The provincial cabinet on Wednesday decided to proceed with the R135 million sale of the land to the Phyllis Jowell Day School in Camps Bay following the conclusion of a public participation process. Reclaim the City, an organisation which had been at the forefront of the battle for affordable housing in the inner city, described the decision as “unjust and an insult to black and coloured working-class people throughout Cape Town”.

“We will never accept the stripping of our well-located public land - land that could and should be used for affordable housing - to private entities,” Daneel Knoetze, a spokesperson, said on Wednesday.

“We are planning a robust response, after consultation with our lawyers, housing experts and our supporters,” he said.

Provincial ANC spokesperson Cameron Dugmore said: “We will also be seeking a meeting with the Phyllis Jowell Day School, to request them, in the public interest and in support of social housing for the domestic workers of Sea Point and others, to withdraw from the sale.”

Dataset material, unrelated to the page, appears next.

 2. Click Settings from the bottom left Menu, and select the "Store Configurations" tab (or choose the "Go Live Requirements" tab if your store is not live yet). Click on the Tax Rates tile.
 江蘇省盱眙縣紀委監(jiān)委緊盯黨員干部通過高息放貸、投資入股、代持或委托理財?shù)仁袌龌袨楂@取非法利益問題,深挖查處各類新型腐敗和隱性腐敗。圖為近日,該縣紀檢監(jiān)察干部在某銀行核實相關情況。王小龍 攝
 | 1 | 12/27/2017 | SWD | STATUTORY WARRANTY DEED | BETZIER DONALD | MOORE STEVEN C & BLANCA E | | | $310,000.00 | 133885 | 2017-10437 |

The sale of the property was initially halted in May after activists from Reclaim the City and Ndifuna Ukwazi petitioned the Western Cape High Court to intervene. The public participation process, as ordered by the court, concluded last month.

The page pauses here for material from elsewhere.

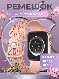 Ремешок для Apple Watch 42, 44, 45, 49 мм леопард розовый
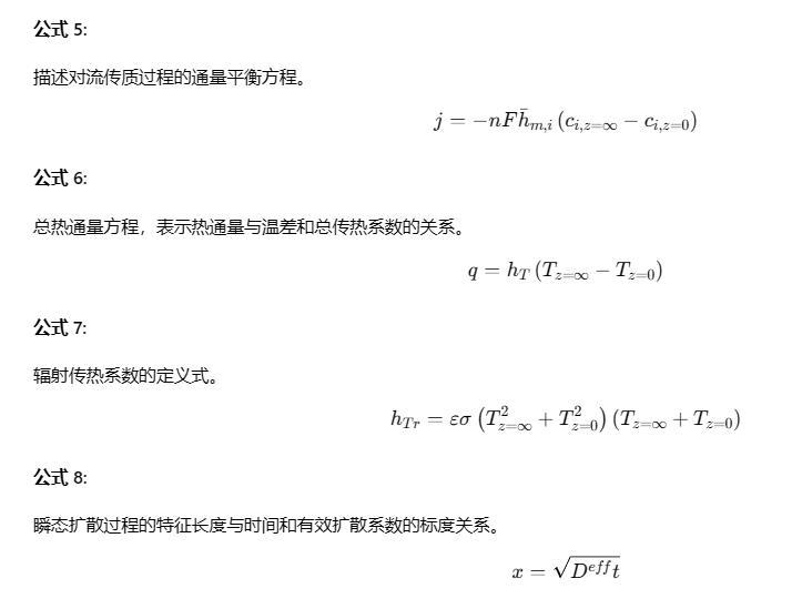 DO2^texteff和DH2O^texteff值與公布的氧氣在空氣中的自由擴散系數D02(對于298 K<T<330 K,為0.24-0.29 cm2/s)以及水蒸氣在空氣中的自由擴散系數DH2O(對于298 K<T<330 K,為0.26-0.30 cm2/s)處于同一數量級。測量的擴散系數與公布值之間的差異可能是由于自然對流的影響、陰極流道中的非平面擴散、以及由于濕度探針的有限體積、實際布拉格光柵溫度與熱電偶讀數之間的差異等引起的RH測量不確定度造成的。作為上述簡單擴散分析的替代方法,我們在此提供傳質系數的估計值。為此,我們使用以下通量平衡方程描述對流傳質:

Premier Helen Zille’s spokesperson, Michael Mpofu, said the cabinet resolved that the Tafelberg site was “not ideally suited to affordable housing, especially as the state subsidy cannot be utilised there under current national policy”.

Mpofu said “all relevant factors” were considered, including the constitution and “revenue raising measures currently placed on provinces”.

As possible alternatives, the provincial government announced two sites that it said would be earmarked to include affordable housing. Mpofu said the cabinet had issued an instruction for affordable housing to be included as a condition in the release of the Helen Bowden Nurses Home property, situated near the V&A Waterfront.

The Woodstock Hospital site was the other piece of property which would be enlisted.

“With this decision, Premier Helen Zille’s government has missed a critical opportunity to commit to build affordable housing in the Cape Town inner city... They have shown a deep contempt for the principle of using public land to reverse apartheid spatial planning,” Knoetze said.